Exercise description –
Reproduce all of the entries character for character, while leaving out any pictures they contain.

[Items from a data source]
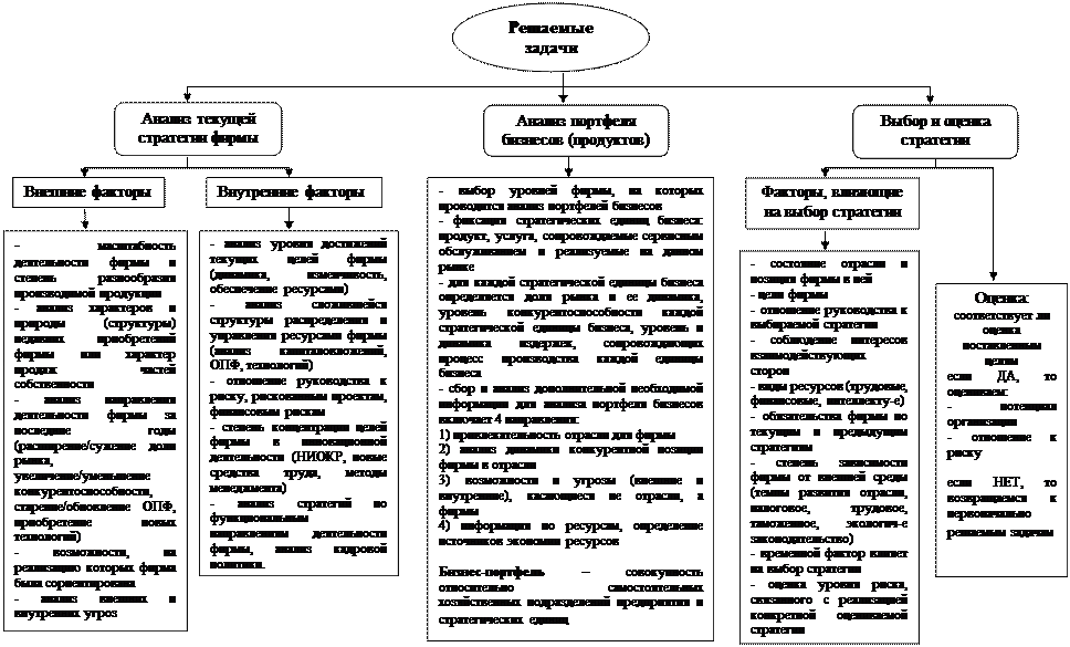 В процессе формирования и выбора конкретной стратегии полезными инструментами являются матричные методы, включая:
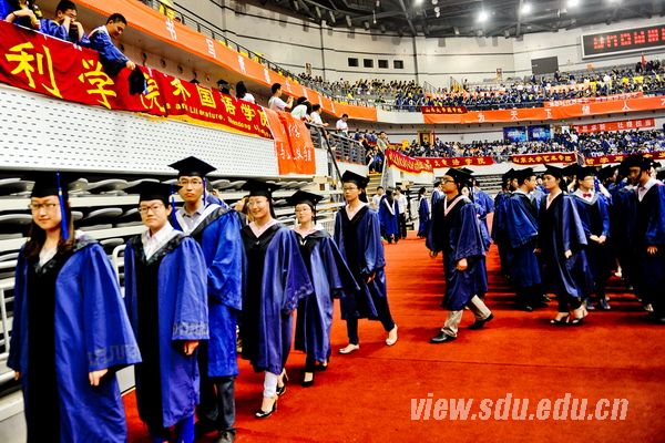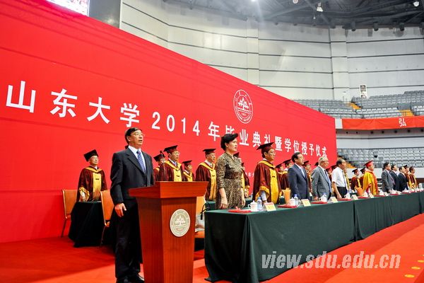 毕业典礼最后在《山东大学校歌》振奋欢快的旋律中落下帷幕。山东大学学位评定委员会全体成员、毕业生家长代表,学校教师代表,各学院院长、书记、各职能部门负责人;全体博士毕业生、硕士毕业生等约5400余人参加了毕业典礼。
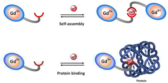 The principle of detection by MRI is based on the modification of microscopic parameters influencing the efficiency of a contrast agent upon cation interaction. Since the chemist is able to predict a τR or q modification by careful design of the contrast agent, cation detection by MRI is mainly based on the modification of these two parameters. For detection through τR modulation, probes often undergo an increase in molecular weight and/or rigidity upon cation interaction, which results in an increase in τR and hence an increase in relaxivity, r1. Such increases in molecular weight usually occur due to self-assembly induced by the cation (M2+) or protein binding (Figure 3). The effect of τR is greater at intermediate fields (20–60 MHz), making the response more efficient in this field-range.
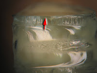 Tempered glass is safer than standard (i.e. annealed) glass because “dices” into small pieces under certain failure modes. In reality, the overall glass failure is driven by residual stresses put into the glass by the tempering process. That is, tempered glass “destroys” itself. If the glass is impacted “side ways” the failed piece will break into safe small “diced” pieces. And this provides safety to one impacting the glass. However, there is the possibility that the glass can fail without a sideways impact. In this case, there is a possibility the glass sheet can fall intact. In addition, the edges of failed tempered glass are just as sharp as those created when annealed glass fails. The upper left photograph is of a piece of failed tempered glass that stayed “inter locked” after failure. The failure analysis photo on the upper right is an twenty times magnification photomicrograph of the one small piece of the failed tempered glass (arrow). The edges on this piece are not rounded. They have the same sharp edges associated with any failed piece of glass.
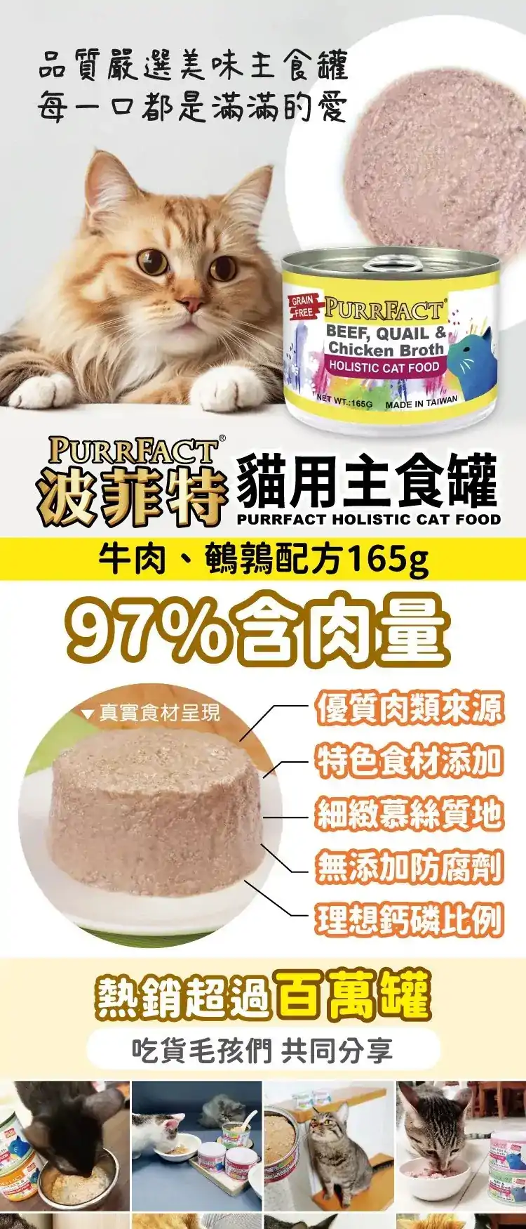 PURRFACT波菲特 牛肉鵪鶉貓用主食罐165 g(12罐組)
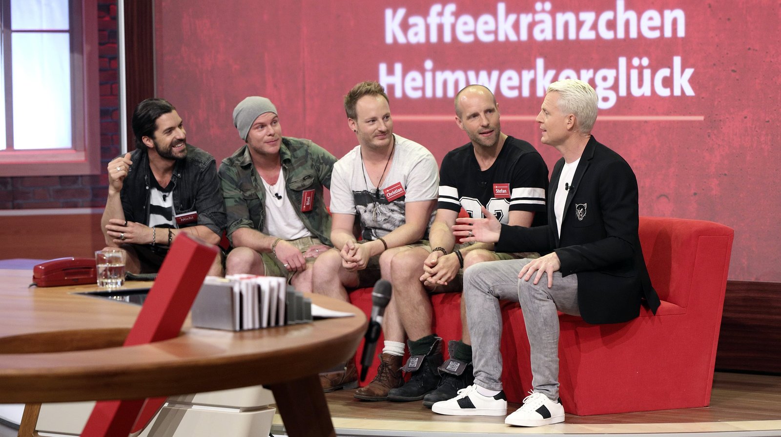 Stramme Waden - Flotte FlitzerIn jeder Sendung tritt ein Team von vier Prominenten gegen acht Kandidaten aus dem Südwesten an – vier Kinder und vier Erwachsene. Und wieder dreht sich alles um die Frage: Wer malt und rät am besten? v.li. "voXXclub" mit Michi, Bini, Christian, Stefan und Guido Cantz.Bild: © SWR/Bavaria/Frank Hempel
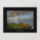 Cartão-postal de um arco-íris e algumas nuvens de chuva de cinzas escuras sobre o farol de Kilauea em um promontório no Oceano Pacífico na costa norte de Kauai, Havaí, EUA com uma fronteira negra e o texto: 'Kauai'.
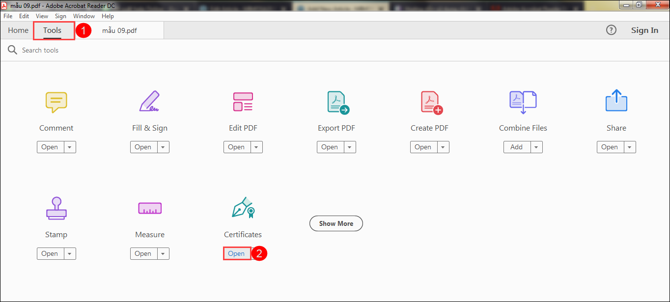 1. Nhấn chọn Tool sau đó nhấn Open tại mục Certificates.
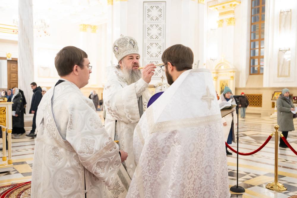 Затем правящий архипастырь помазал духовенство освященным елеем.
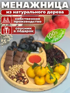 Менажница деревянная круглая 27 см + соусница
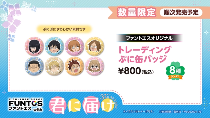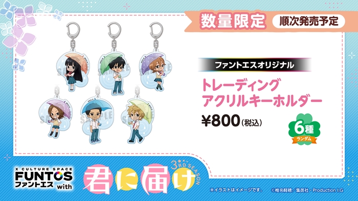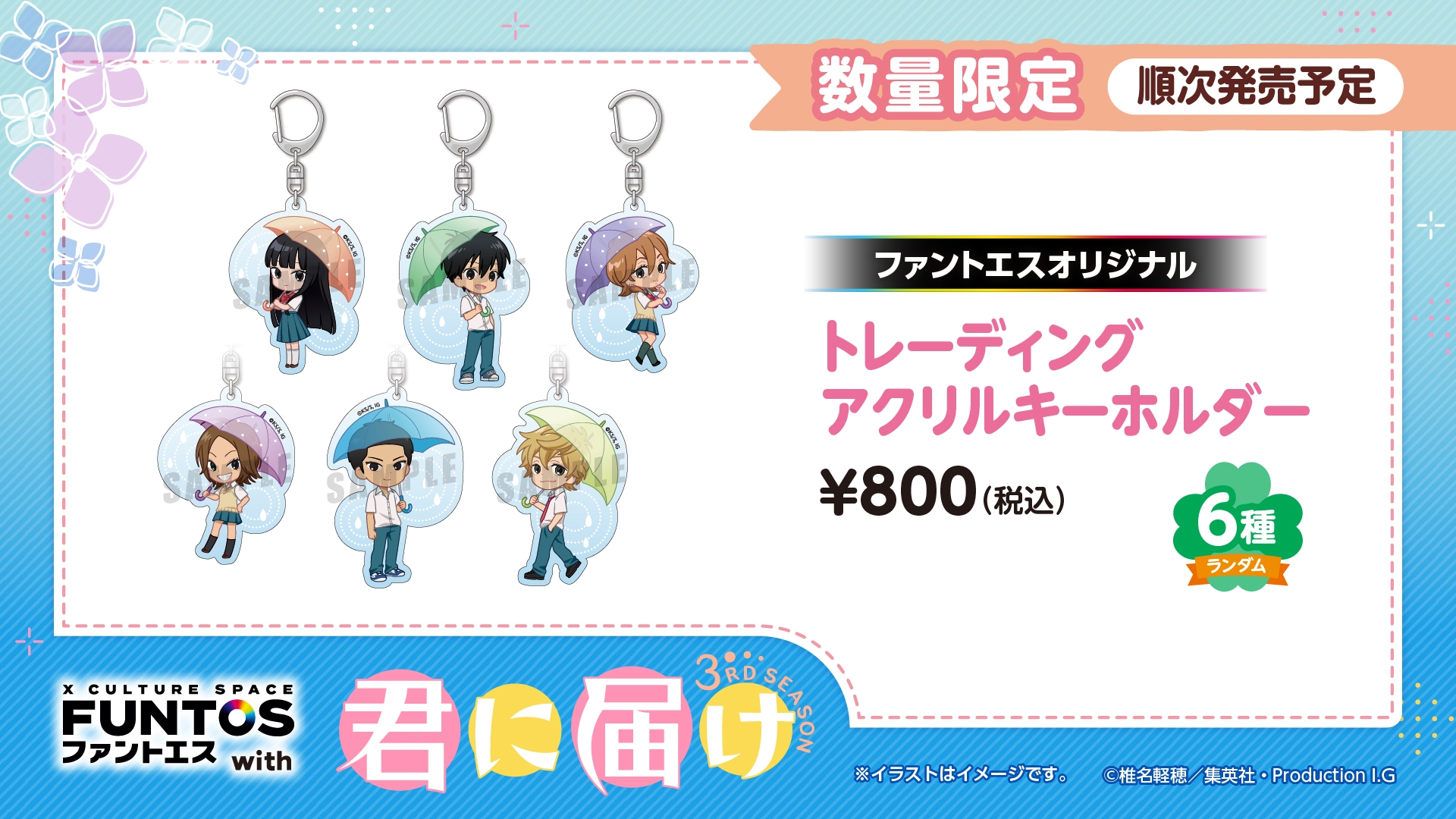コラボ特別イラストグッズのほか、アニメイラストを使用したフォンタブや前髪クリップも登場!『ファントエス with 君に届け 3RD SEASON』は全国のファントエスにて開催!
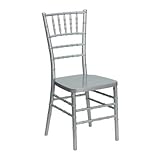 | ✚✚✚ Flash Elegance Stacking Resin Chiavari Chair Quantity: Set of 32, Finish: Silver 32LEL7CSLVRES Quantity: Set of 32, Finish: Silver Features: -Chiavari chair. -Available in several finish. -Made of highest form of resin available, k-resin. -Stainless steel inner frame. -Seat constructed of ultra-strong polycarbonate. -Anti-static UV treated paint finish resists fading and discoloration. -No sanding, re-painting or staining needed. -Stacks eight high. -Designed for indoor and outdoor use. -Cushions are also available for this item: Black and white (model number lelcwhite). Specifications: -Overall dimensions: 35.75" H x 16.5" W x 18.5" D. -Weight capacity: 1000 lbs Static load. -Seat size: 18" H x 15.5" W x 16" D. -Back size: 19" H x 15" W.
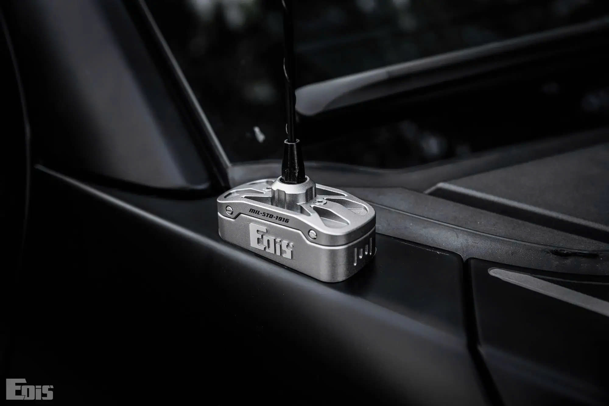 - Tiêu chuẩn “MIL-STD-1916”: Tương tự các phụ kiện khác của Eois, đế ăng-ten này có dập nổi dòng chữ “MIL-STD-1916” hoặc tương tự. Chi tiết này là lời khẳng định về độ bền bỉ, khả năng chịu đựng và chất lượng chế tạo theo tiêu chuẩn cao, rất phù hợp với môi trường khắc nghiệt mà chiếc Raptor thường xuyên hoạt động.
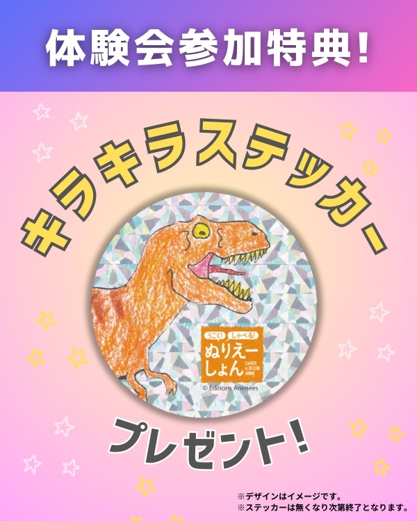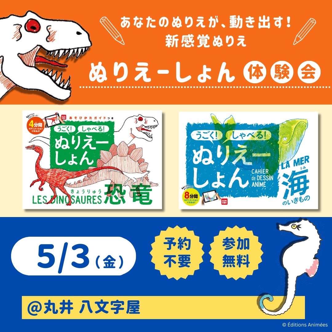 イベント ワクワク 5月3日丸井 八文字屋『うごく! しゃべる! ぬりえーしょん』体験会 2024.05.02 八文字屋ONLINE フランス生まれの新感覚ぬりえ『うごく! しゃべる! ぬりえーしょん』シリーズを無料で体験できるイベントを開催します。 自分で塗ったぬりえをアプリで読み込むと、楽しいナレーションと共に画面の中を滑らかに動きだします。 ぬりえがアニメーションになる瞬間のワクワクを、ぜひご体験ください。 参加いただいた方には「キラキラステッカー」をプレゼント! 参加無料、ご予約不要のイベントです。 どうぞお気軽にお越しください。 日時:2024年5月3日(金・祝)10:00~、13:00~(随時実施) 会場:丸井八文字屋 参加費:無料
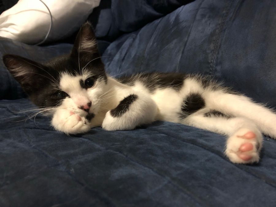 Pipsqueak is a gorgeous soul, that purrs instantly when you touch her. She likes to see what you are up to around the house, and follows you around in case she misses out on something. She doesn’t enjoy the rough play like her brother does and quite often grumbles at him when he is annoying her. She prefers to chill out on the lounge and clean herself, or clean someone else. She has a scar on the outside of her eyeball that will stay there for life, it doesn’t affect her in anyway. She is a clean and happy kitten and loves playing with cat toys.
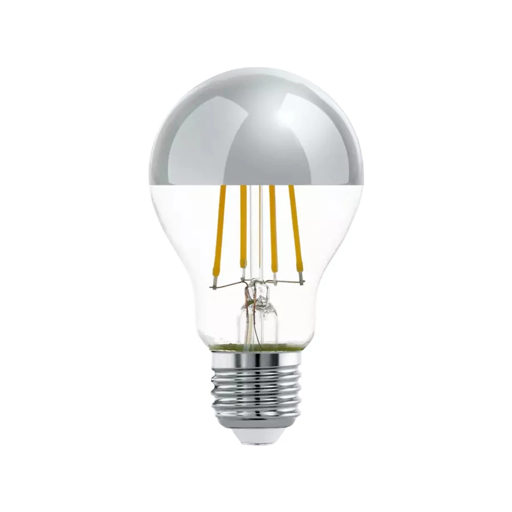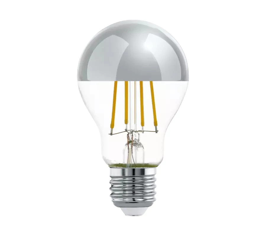 E27 foglalatú, 7W filament LED égő, ezüst félgömb, meleg fehér, 115 Lm/W
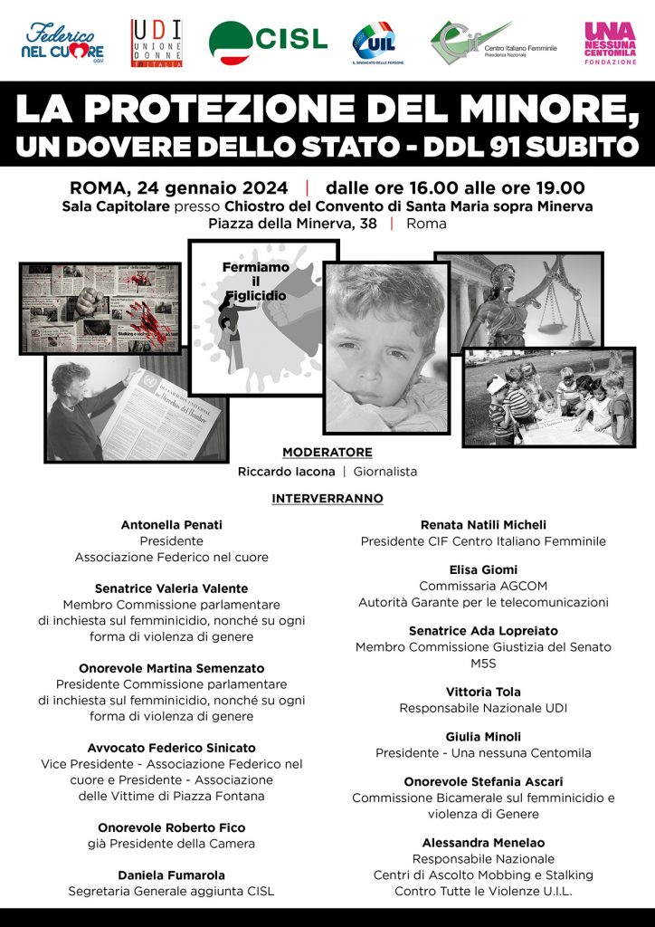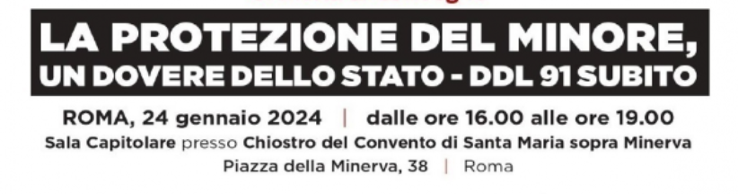 Su iniziativa della senatrice Valeria Valente, già presidente della commissione parlamentare d’inchiesta sul femminicidio, Giovedì 24 gennaio, dalle ore 16.00, si svolgerà a Roma, presso la Sala Capitolare – Chiostro del Convento di Santa Maria sopra Minerva (piazza della Minerva, 38), il convegno “La protezione del minore, un dovere dello Stato”.
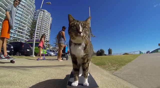 Robert Dollwet 與貓咪 Didga 看過會玩滑板的貓咪嗎?!澳大利亞黃金海岸的一個 ……
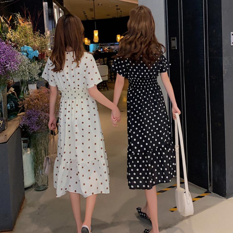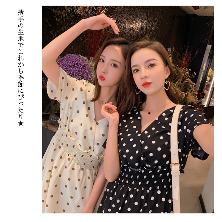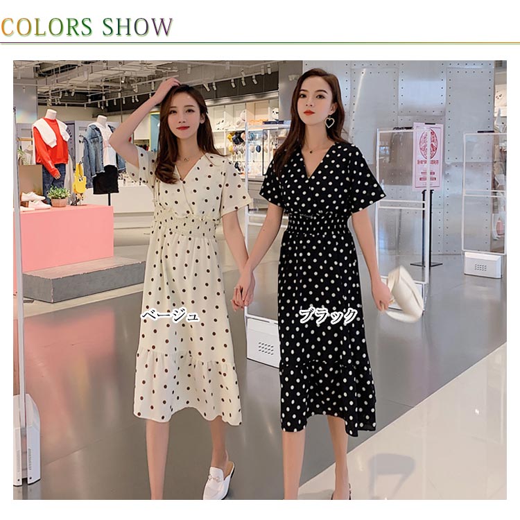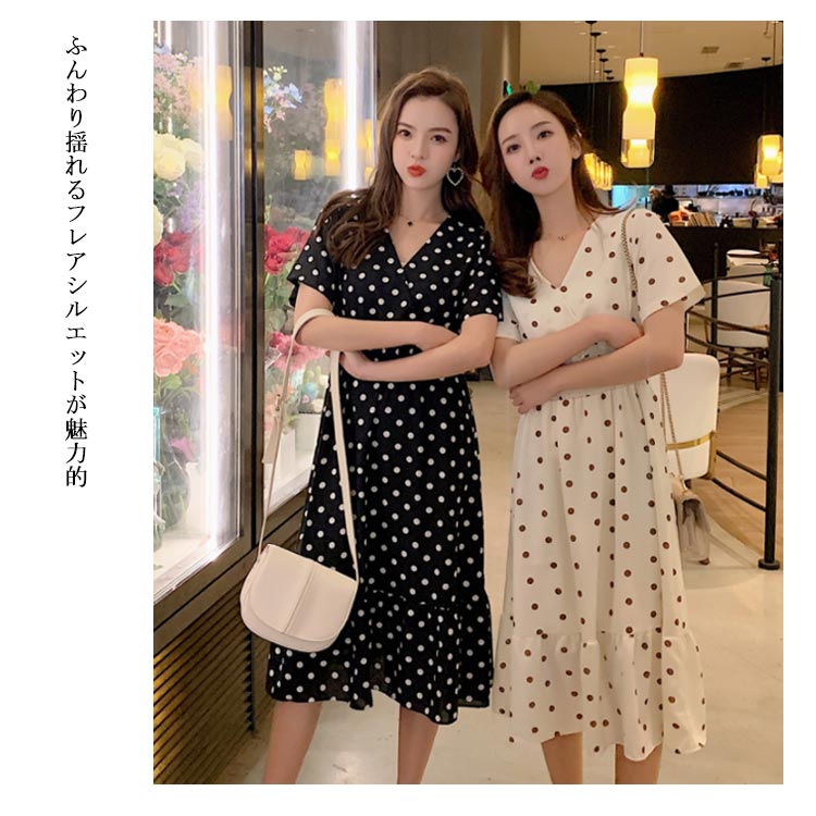 フレアワンピース レディース シフォンワンピース ドット柄 水玉柄 半袖 ロングワンピース ミモレワンピース ミモレ丈 ロング丈 シフォン Vネック フレア ふんわり ゆったり ウエストゴム シャーリング 薄手 お洒落 夏新作

Result for this exercise –
 В процессе формирования и выбора конкретной стратегии полезными инструментами являются матричные методы, включая:
 毕业典礼最后在《山东大学校歌》振奋欢快的旋律中落下帷幕。山东大学学位评定委员会全体成员、毕业生家长代表,学校教师代表,各学院院长、书记、各职能部门负责人;全体博士毕业生、硕士毕业生等约5400余人参加了毕业典礼。
 The principle of detection by MRI is based on the modification of microscopic parameters influencing the efficiency of a contrast agent upon cation interaction. Since the chemist is able to predict a τR or q modification by careful design of the contrast agent, cation detection by MRI is mainly based on the modification of these two parameters. For detection through τR modulation, probes often undergo an increase in molecular weight and/or rigidity upon cation interaction, which results in an increase in τR and hence an increase in relaxivity, r1. Such increases in molecular weight usually occur due to self-assembly induced by the cation (M2+) or protein binding (Figure 3). The effect of τR is greater at intermediate fields (20–60 MHz), making the response more efficient in this field-range.
 Tempered glass is safer than standard (i.e. annealed) glass because “dices” into small pieces under certain failure modes. In reality, the overall glass failure is driven by residual stresses put into the glass by the tempering process. That is, tempered glass “destroys” itself. If the glass is impacted “side ways” the failed piece will break into safe small “diced” pieces. And this provides safety to one impacting the glass. However, there is the possibility that the glass can fail without a sideways impact. In this case, there is a possibility the glass sheet can fall intact. In addition, the edges of failed tempered glass are just as sharp as those created when annealed glass fails. The upper left photograph is of a piece of failed tempered glass that stayed “inter locked” after failure. The failure analysis photo on the upper right is an twenty times magnification photomicrograph of the one small piece of the failed tempered glass (arrow). The edges on this piece are not rounded. They have the same sharp edges associated with any failed piece of glass.
 PURRFACT波菲特 牛肉鵪鶉貓用主食罐165 g(12罐組)
 Stramme Waden - Flotte FlitzerIn jeder Sendung tritt ein Team von vier Prominenten gegen acht Kandidaten aus dem Südwesten an – vier Kinder und vier Erwachsene. Und wieder dreht sich alles um die Frage: Wer malt und rät am besten? v.li. "voXXclub" mit Michi, Bini, Christian, Stefan und Guido Cantz.Bild: © SWR/Bavaria/Frank Hempel
 Cartão-postal de um arco-íris e algumas nuvens de chuva de cinzas escuras sobre o farol de Kilauea em um promontório no Oceano Pacífico na costa norte de Kauai, Havaí, EUA com uma fronteira negra e o texto: 'Kauai'.
 1. Nhấn chọn Tool sau đó nhấn Open tại mục Certificates.
 Затем правящий архипастырь помазал духовенство освященным елеем.
 Менажница деревянная круглая 27 см + соусница
コラボ特別イラストグッズのほか、アニメイラストを使用したフォンタブや前髪クリップも登場!『ファントエス with 君に届け 3RD SEASON』は全国のファントエスにて開催!
 | ✚✚✚ Flash Elegance Stacking Resin Chiavari Chair Quantity: Set of 32, Finish: Silver 32LEL7CSLVRES Quantity: Set of 32, Finish: Silver Features: -Chiavari chair. -Available in several finish. -Made of highest form of resin available, k-resin. -Stainless steel inner frame. -Seat constructed of ultra-strong polycarbonate. -Anti-static UV treated paint finish resists fading and discoloration. -No sanding, re-painting or staining needed. -Stacks eight high. -Designed for indoor and outdoor use. -Cushions are also available for this item: Black and white (model number lelcwhite). Specifications: -Overall dimensions: 35.75" H x 16.5" W x 18.5" D. -Weight capacity: 1000 lbs Static load. -Seat size: 18" H x 15.5" W x 16" D. -Back size: 19" H x 15" W.
 - Tiêu chuẩn “MIL-STD-1916”: Tương tự các phụ kiện khác của Eois, đế ăng-ten này có dập nổi dòng chữ “MIL-STD-1916” hoặc tương tự. Chi tiết này là lời khẳng định về độ bền bỉ, khả năng chịu đựng và chất lượng chế tạo theo tiêu chuẩn cao, rất phù hợp với môi trường khắc nghiệt mà chiếc Raptor thường xuyên hoạt động.
 イベント ワクワク 5月3日丸井 八文字屋『うごく! しゃべる! ぬりえーしょん』体験会 2024.05.02 八文字屋ONLINE フランス生まれの新感覚ぬりえ『うごく! しゃべる! ぬりえーしょん』シリーズを無料で体験できるイベントを開催します。 自分で塗ったぬりえをアプリで読み込むと、楽しいナレーションと共に画面の中を滑らかに動きだします。 ぬりえがアニメーションになる瞬間のワクワクを、ぜひご体験ください。 参加いただいた方には「キラキラステッカー」をプレゼント! 参加無料、ご予約不要のイベントです。 どうぞお気軽にお越しください。 日時:2024年5月3日(金・祝)10:00~、13:00~(随時実施) 会場:丸井八文字屋 参加費:無料
 Pipsqueak is a gorgeous soul, that purrs instantly when you touch her. She likes to see what you are up to around the house, and follows you around in case she misses out on something. She doesn’t enjoy the rough play like her brother does and quite often grumbles at him when he is annoying her. She prefers to chill out on the lounge and clean herself, or clean someone else. She has a scar on the outside of her eyeball that will stay there for life, it doesn’t affect her in anyway. She is a clean and happy kitten and loves playing with cat toys.
 E27 foglalatú, 7W filament LED égő, ezüst félgömb, meleg fehér, 115 Lm/W
 Su iniziativa della senatrice Valeria Valente, già presidente della commissione parlamentare d’inchiesta sul femminicidio, Giovedì 24 gennaio, dalle ore 16.00, si svolgerà a Roma, presso la Sala Capitolare – Chiostro del Convento di Santa Maria sopra Minerva (piazza della Minerva, 38), il convegno “La protezione del minore, un dovere dello Stato”.
 Robert Dollwet 與貓咪 Didga 看過會玩滑板的貓咪嗎?!澳大利亞黃金海岸的一個 ……
 フレアワンピース レディース シフォンワンピース ドット柄 水玉柄 半袖 ロングワンピース ミモレワンピース ミモレ丈 ロング丈 シフォン Vネック フレア ふんわり ゆったり ウエストゴム シャーリング 薄手 お洒落 夏新作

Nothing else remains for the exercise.